A zero growth economy where Transition becomes the new economic framework might sound unrealistic because, in our current state, someone is always likely to take advantage of a situation to make profit. As it stands, we are species members of the homo economicus. Hopkins claims that, for Transition to become part of the European DNA, we all need to become a compassionate community of townspeople who will sacrifice self-gain for the sake of the common good.
But with Europe facing a strong potential for divide, the grassroots communities that have ‘transitioned’ are in dire need of a moral boost. Brexit will be the ultimate test for whether Transition can remain resilient. Hopkins believes the Brexit referendum was a complete disaster:
"For me, the sense of disenfranchisement that people voting for Brexit felt is completely misdirected. The things that happened to the detriment of people in this country don’t come from the EU, but from the powerful elites… by voting Brexit we have given away any protections that we used to have from those people."
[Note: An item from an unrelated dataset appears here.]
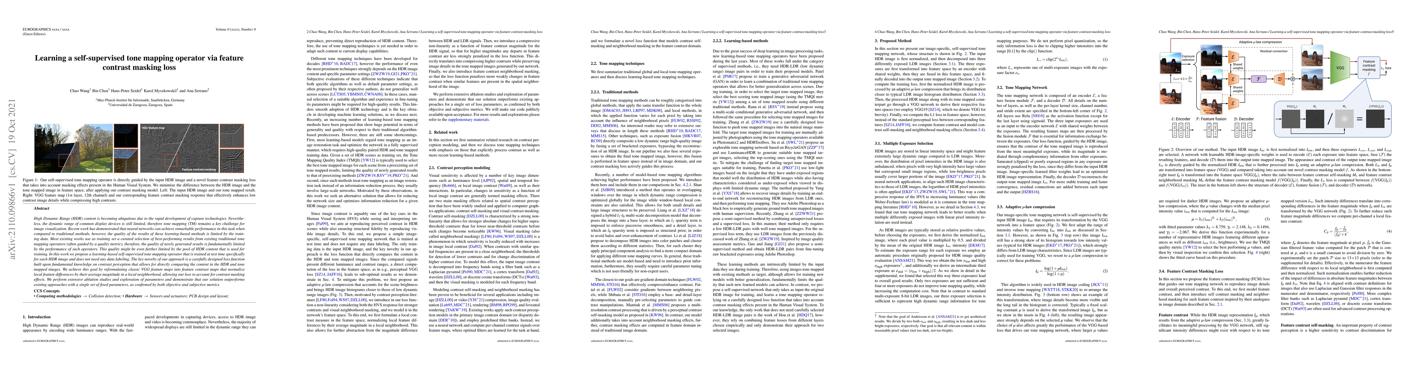 A self-supervised tone mapping operator is proposed that learns to map High Dynamic Range images without requiring labeled training data. It uses a novel loss function based on contrast perception, achieving superior performance compared to existing methods.

True to his positive spirit, however, Hopkins quickly shrugged off the post-Brexit pessimism and decided to focus on ways to make his project a success, despite his country’s imminent departure from the European Union.
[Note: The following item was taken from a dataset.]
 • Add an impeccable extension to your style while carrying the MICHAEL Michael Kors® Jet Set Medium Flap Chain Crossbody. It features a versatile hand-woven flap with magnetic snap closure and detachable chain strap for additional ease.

"We have the potential to ask ourselves whether or not we can imagine a good Brexit; one that is about a whole regeneration of food production connected to public health, hospitals, refugees, youth… During the campaign there was this horrible expression: ‘Take back control,’ with racist undertones. But there is a good version of that. If you genuinely meant take back control, you would do transition on a national scale… but all of this isn’t going to happen unless we have a revolution."
✿ Room for improvement ✿
To improve the Transition model so that it trickles into the mainstream, Hopkins believes that the stories of Transition towns need to be told. The documentary Demain was a perfect example of solution-based journalism that showcased solutions, instead of playing on the apocalyptic rhetoric of many movies about climate change.
According to Hopkins, there are also improvements to be made internally. The first is to nurture a healthy culture of communication within each community. People shouldn’t want to sue each other five months into Transitioning. And the second is for the Transition model to become more entrepreneurial: it needs to create jobs in order to be sustainable. For this to happen, there needs to be a shift in mentality: Transition can no longer rely on volunteerism.
"We need to approach Transition saying: ‘In 10 years time, how could we be the biggest employer in this town?’ I sometimes used the expression ‘the tyranny of volunteerism’. We have this culture where everybody has to be volunteers and as soon as anyone gets paid, the moral purity of the whole project has been lost. That is extremely dangerous. Everyone in the group ends up being white and middle class because, well, who else is able to give hours and hours of their time for free?"
Like any successful movement, transition has to start with an individual. Hopkins isn’t afraid to put the ills of our modern-day society at the forefront of his conviction.
It is with this awareness that we move forwards.